Cells were harvested by lysis in radioimmunoprecipitation assay buffer and protease inhibitors sheared with a 26-gauge needle. Protein (30Ag) was separated by 10% PAGE, transferred to 0.45 Am Immobilon-P Transfer membranes (Millipore), and analyzed by Western blotting with anti-LC3, p62, UVRAG, IGFBP2 antibodies, Acetyl-Histone H3 (Lys9) (C5B11) Rabbit (untreated or TSA-treated (400 nM for 18 hours) using Acetyl-Histone H3 (Lys9) (C5B11) Rabbit mAb) (Cell Signaling Technology). Loading levels were normalized using 1:2,000 antivinculin antibodies (Sigma) and densitometric analysis. To determine the amount of secreted IGFBP-2, conditioned medium obtained from cell lines cultured for 48 h in serum-free DMEM was used to perform Western blot analysis for IGFBP-2 as described above.

Flow cytometric analysis

A549^Del, A549⁺, and A549Mock cells were plated in 75 cm² dishes and treated as described above the following day. The cells were trypsinized 2 days after either TSA; Cisplatin or Cisplatin + TSA treatment and analyzed for relative DNA content on a dual laser flow cytometer (Beckman Coulter Epics Elite; Beckman).

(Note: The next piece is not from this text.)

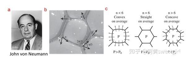 Von Neumann的二維演變方程的著名及其重要性是它不單單適用于二維泡沫,凡是具有網格結構的二維體系,界面移動受界面張力調控,其速率受界面曲率調控的情形都可以用這個方程去表達。這種情形在自然界中是十分普遍的,比如如水上面油脂分子層的演化、熔化時晶界的變化、冰晶的生長等(Ref 5,Ref 6)。

Each assay was done in triplicate.

Statistical analysis

The cutoff value was determined by ROC curve. The patient was considered positive whose value was above the cutoff. Survival was analyzed by Kaplan–Meier curves with death and lost as censored. Fisher’s exact test and Student’s t-test were employed. Independent prognostic factors were performed in univariate and multivariate analysis using the Cox hazard model. The data presented in bar graph as mean ± SD; SPSS 21.0 software were applied with P ≤ 0.05 was considered to be significant.